Ben Zion actually became the first person to record an album of Hasidic music in the United States, when, in 1956, he released “Modzitzer Melave Malka.” Today, even synagogues with more modern-leaning memberships use the Modzitz tunes he helped score or those he composed. Ben Zion’s productivity extended far beyond the recording studio. On the evening of the yahrzheits, or memorial anniversaries, of each Modzitzer rabbi, he would lead fellow enthusiasts in songs, many of which had been composed by the rabbi being celebrated. He would do the same at standing-room-only events he convened during Jewish holidays as well, arriving each time with a program set in mind, sheet music in hand.
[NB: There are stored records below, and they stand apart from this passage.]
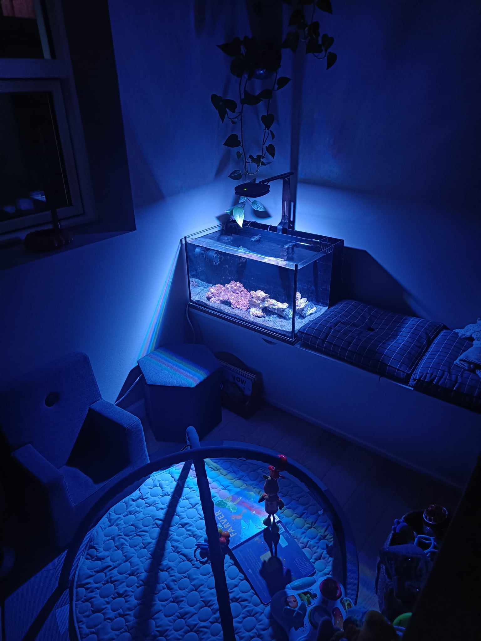 Det gik og går ret godt. Men mon ikke jeg slet ikke ved, hvordan bakterierne egentlig har det? Jeg har ingen fisk. Jeg har kastet et par testkoraller i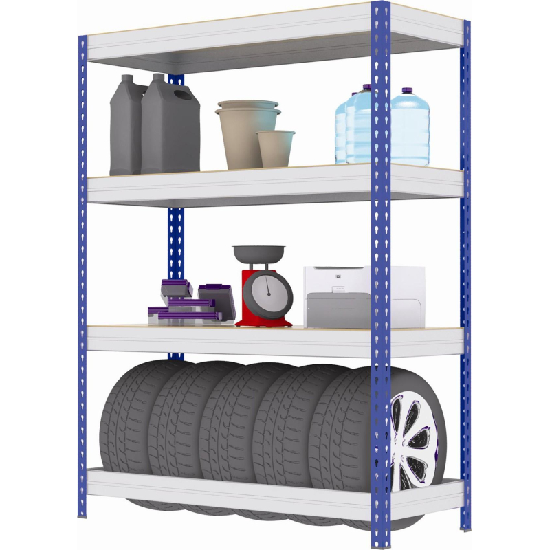 Стеллаж металлический МКФ18614-2.5 (4 полки). Стеллаж сборно-разборный, средней грузоподъемности. Предназначен для хранения объемных товаров в закрытых помещениях (торговых залах, бытовках, складах). Возможно использовать и для хранения автомобильных колес от 15 радиуса и выше. Конструкция стационарная, из четырех стоек, продольных и поперечных балок, на которых размещается настил из фанеры. Сборка стеллажей производится быстро и легко - без дополнительных крепежных элементов. Комплектуется пластиковыми подпятниками, предохраняющими пол от повреждений. Материала стоек - высокопрочная сталь. Материала полок - фанера 10 мм. Количество полок - 4. Шаг перфорации для крепления полок - 50 мм. Распределенная нагрузка на полку - 300 кг. Максимальная нагрузка на стеллаж - 1500 кг. Тип покрытия стоек - порошковое, цвет стоек - синий, цвет полок - натуральное дерево. Внимание! Максимальное расстояние от пола до первой полки - не более 150 мм. Дополнительные элементы (разделители, ограничители), а также папки в комплект стеллажа не входят и заказываются отдельно. <!--noindex-->Изображения товаров на сайте не могут гарантировать точную цветопередачу.<!--/noindex-->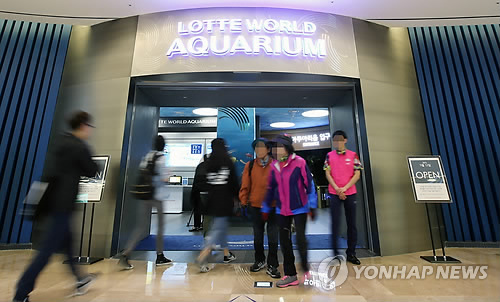 | △ 다시 문을 연 롯데월드몰 아쿠아리움 (서울=연합뉴스) 임헌정 기자 = 12일 재개장한 서울 송파구 롯데월드몰 아쿠아리움에서 시민들이 매표소로 입장하고 있다. |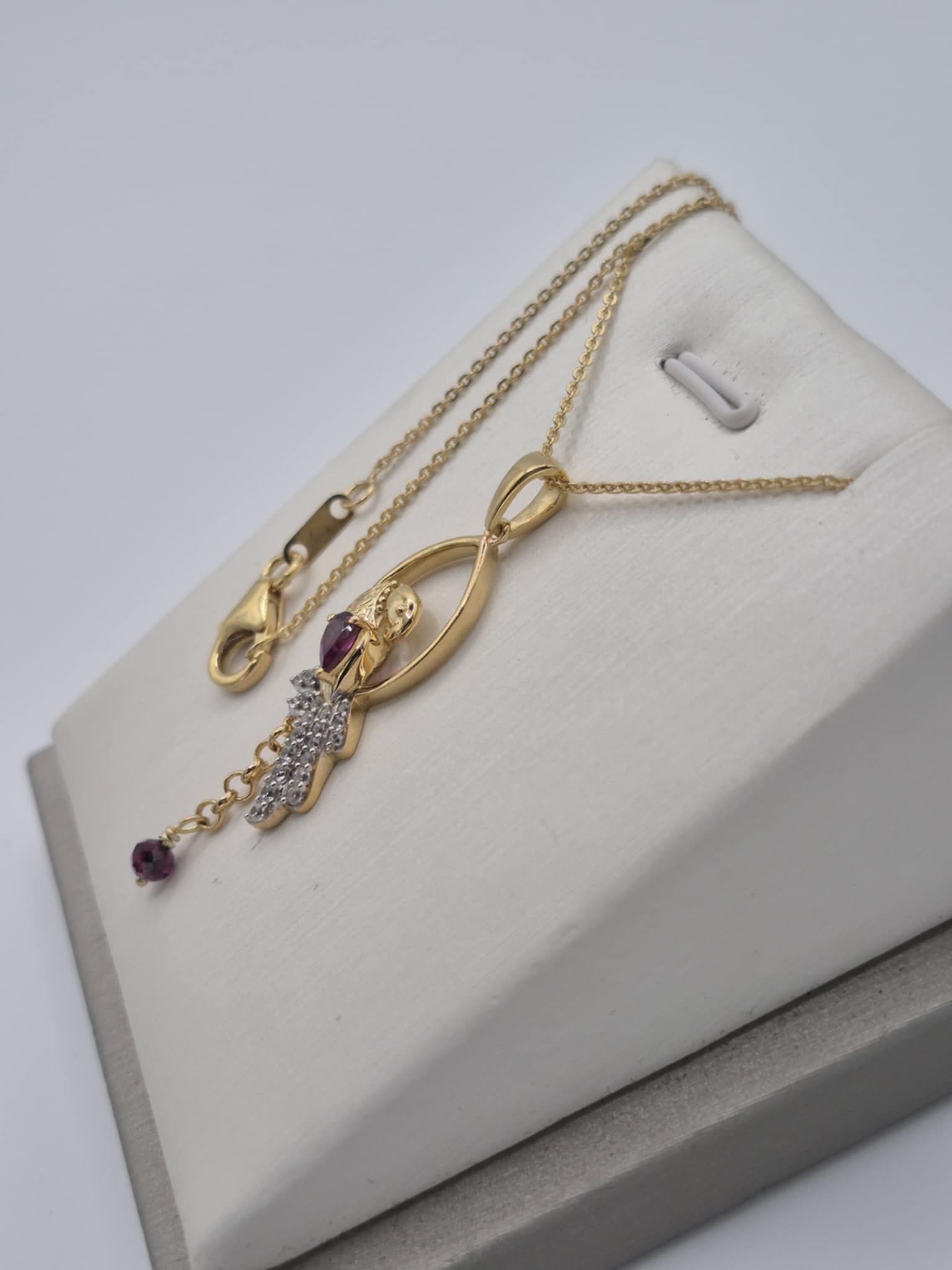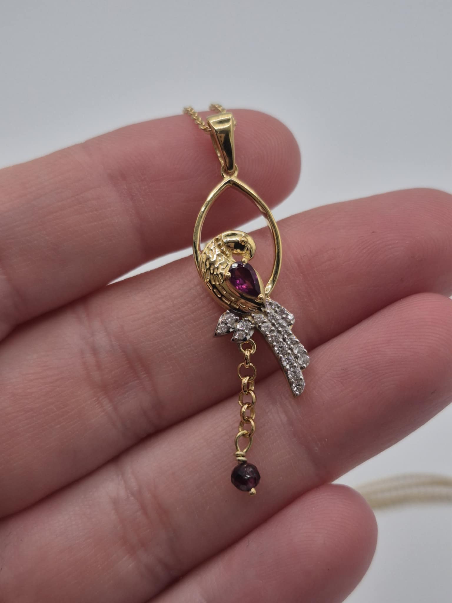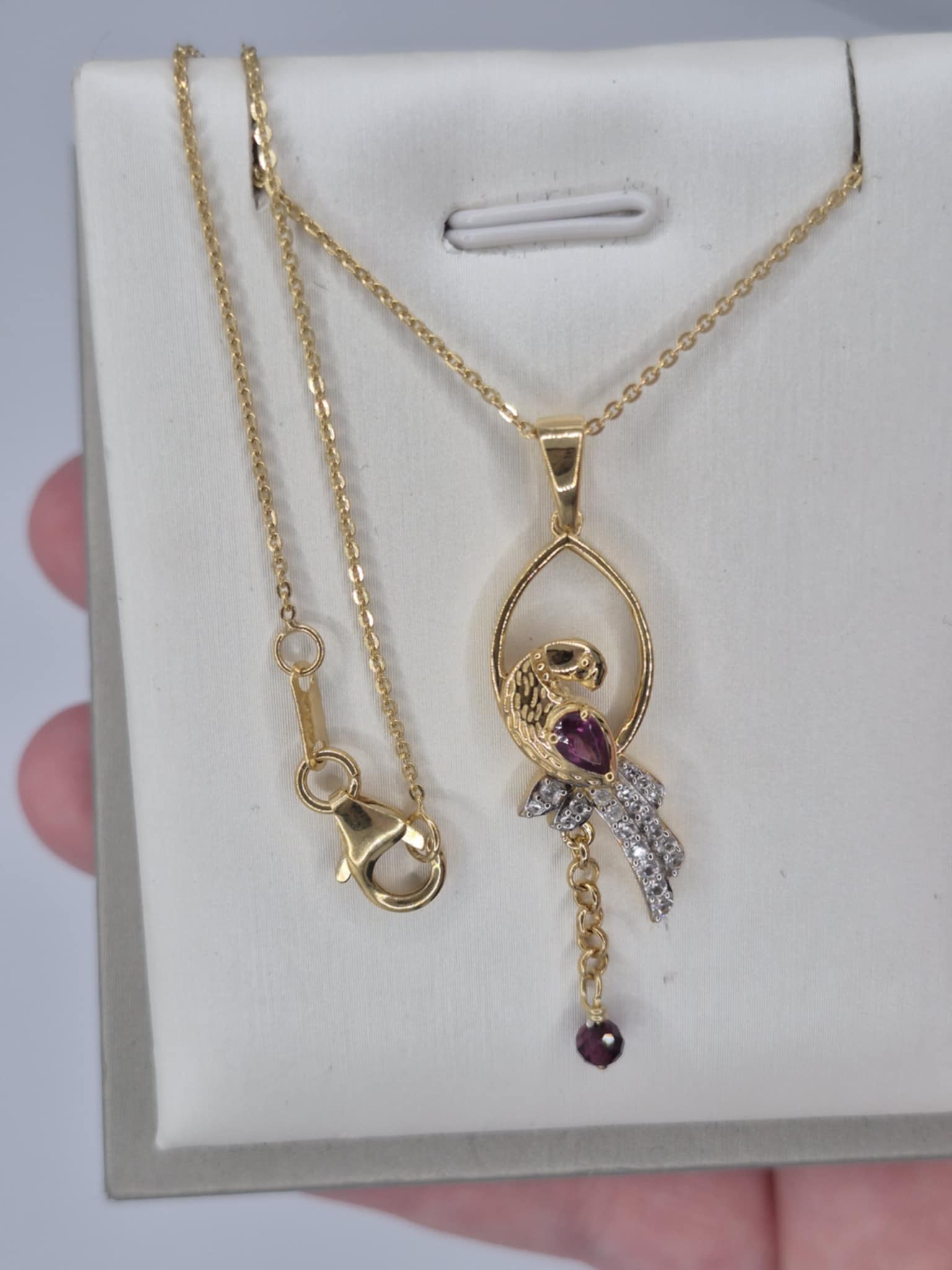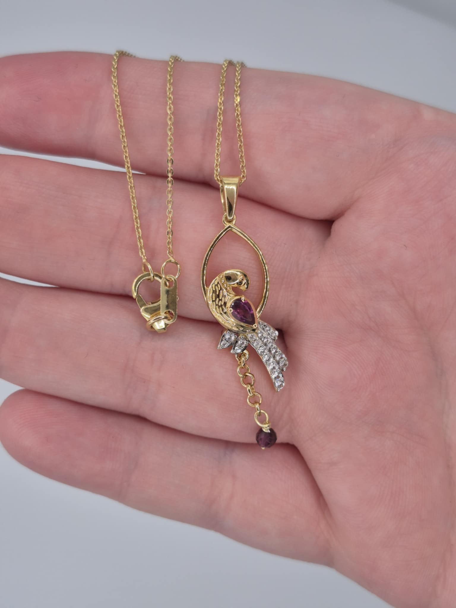 0.910ct. Rhodolite Garnet, White Zircon, Blue Sapphire Bird Necklace in 18K Gold Overlay 925 Sterling Silver

When the present Modzitz rebbe visited Brooklyn last February, Ben Zion joined him in Boro Park. Hundreds came to the Friday night tisch, or gathering around the rebbe, where Ben Zion, then three months shy of his 91st birthday, led the crowd in resounding song until after midnight. I accompanied him from synagogue the following Sabbath day, and saw him stopped about 30 times over the three- or four-block journey by admiring fans, from fathers with young children to those close to his own age who still cry wistfully when singing his celebrated “Mizmor L’Dovid.”
For all the adulation, he was exceedingly humble — aware of his accomplishments but more mindful of their purpose in bringing people closer to God. He made time for anyone who wanted to ask him questions about his music or other Modzitz tunes. He was always available for public interviews. He often sang free of charge at the weddings of couples who could not afford to pay a singer, sometimes composing a new song for them, as well.
But when it came to the music itself, Ben Zion was not shy. In discussing his own firsthand knowledge of the history of the moving “Ani Ma’amin” tune composed by a Modzitzer hasid from Warsaw, he once noted publicly that there had been many distortions and “outrageous versions” of how the music had survived World War II and the Holocaust. Ben Zion proceeded to explain multiple reasons that such versions could not be true to the original.
During a visit with him last spring, he told me about a choir that had publicly performed a famous composition of the first Modzitzer rebbe, Rabbi Yisrael Taub. Ben Zion heard substantial changes in the music. The presenters, he said, had taken some license in their performance that he thought had gone too far, distorting the piece. “Some people really have a lot of nerve,” he lamented.
This exactitude in faithfulness to other people’s work also had its rewards. Last year, one of his protégés performed Rabbi Yisrael’s famous Ezkera tune — a 36-part masterpiece that takes some 20 minutes to sing. As the singer proceeded, Ben Zion sat clutching the sheet music, following along note by note to ensure it was being performed correctly. When his protégé finished, Ben Zion was ecstatic. “A-plus!” he exclaimed.
The importance of music was elemental for him. “It’s my life,” he once said. “I can’t live without it. It’s the air I breathe.”
Ben Zion’s funeral took place only a few hours after his sudden passing. As hard as I tried, I did not make it in time to hear any of the eulogies. The coffin was beginning its exit outside and into the hearse as I arrived. Much as I had joined him in the sunset of life, I caught but the last few moments with him as he left.
At that moment I was reminded of more than just the graceful melodies or the pitch-perfect voice. I recalled the music of a life of meaning. Then, I joined together with so many diverse yet interconnected circles of the Jewish people who today mourn his absence: religiously observant and less so, wise and simple, old and young.